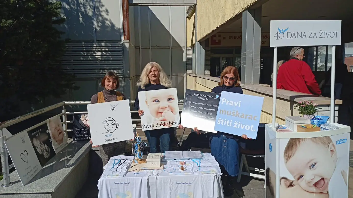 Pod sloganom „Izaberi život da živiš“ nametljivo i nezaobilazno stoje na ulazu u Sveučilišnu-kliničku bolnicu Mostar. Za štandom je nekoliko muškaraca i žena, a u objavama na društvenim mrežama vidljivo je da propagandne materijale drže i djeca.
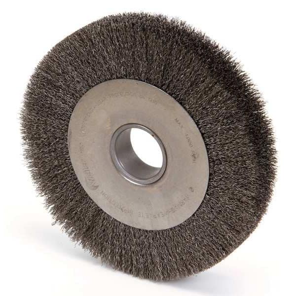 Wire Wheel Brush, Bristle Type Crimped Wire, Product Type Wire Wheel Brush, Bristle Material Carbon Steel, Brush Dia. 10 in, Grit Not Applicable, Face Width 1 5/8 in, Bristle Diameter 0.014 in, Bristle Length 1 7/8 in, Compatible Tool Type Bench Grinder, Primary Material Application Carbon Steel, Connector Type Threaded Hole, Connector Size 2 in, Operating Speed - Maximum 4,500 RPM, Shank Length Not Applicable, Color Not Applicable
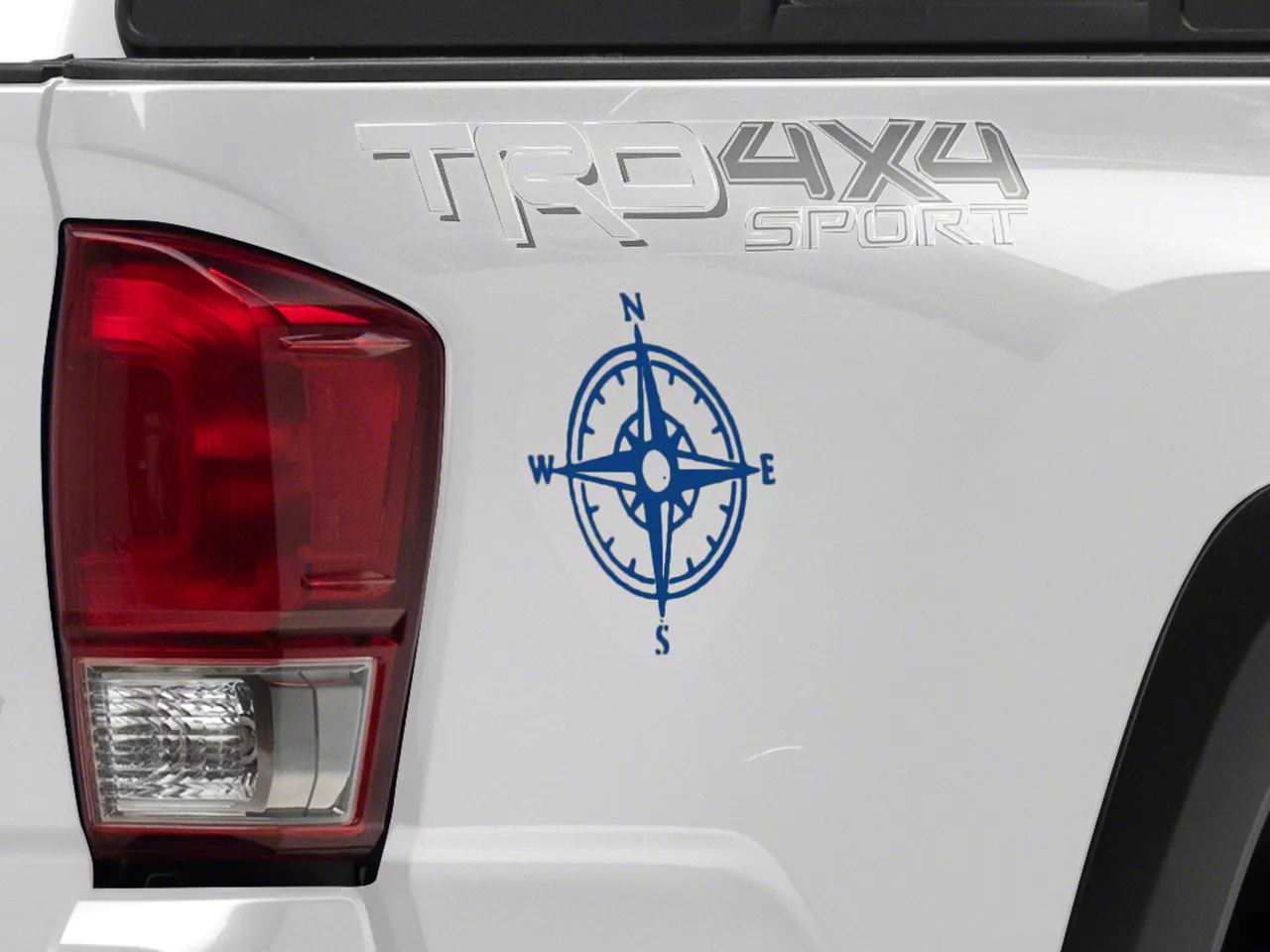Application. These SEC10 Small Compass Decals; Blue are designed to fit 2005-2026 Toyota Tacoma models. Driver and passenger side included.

...

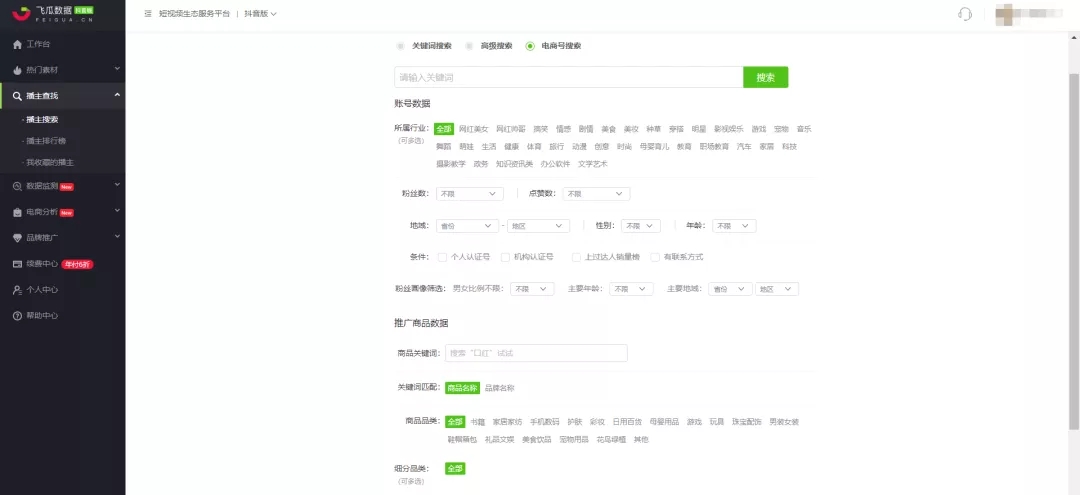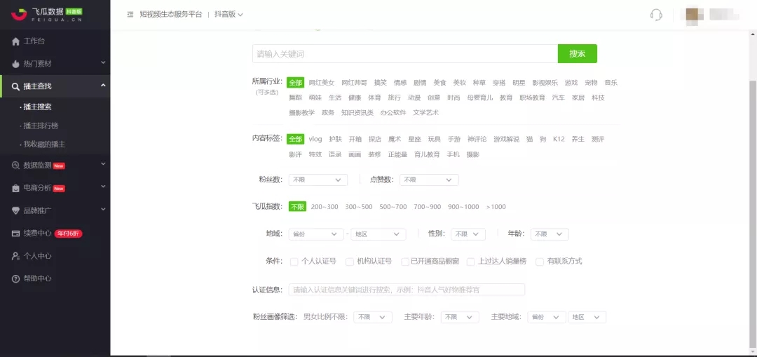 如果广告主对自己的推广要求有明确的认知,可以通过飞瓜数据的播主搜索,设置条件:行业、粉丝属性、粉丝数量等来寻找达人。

* * *

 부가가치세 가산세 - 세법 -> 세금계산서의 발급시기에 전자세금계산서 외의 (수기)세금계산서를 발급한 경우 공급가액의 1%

### What to work on
In the entries above, which lines run from the one with "Wire Wheel Brush, Bristle Type" up to and including the one with "Application. These SEC10"? Write them out exactly, without the pictures.

### Task answer
 Wire Wheel Brush, Bristle Type Crimped Wire, Product Type Wire Wheel Brush, Bristle Material Carbon Steel, Brush Dia. 10 in, Grit Not Applicable, Face Width 1 5/8 in, Bristle Diameter 0.014 in, Bristle Length 1 7/8 in, Compatible Tool Type Bench Grinder, Primary Material Application Carbon Steel, Connector Type Threaded Hole, Connector Size 2 in, Operating Speed - Maximum 4,500 RPM, Shank Length Not Applicable, Color Not Applicable
Application. These SEC10 Small Compass Decals; Blue are designed to fit 2005-2026 Toyota Tacoma models. Driver and passenger side included.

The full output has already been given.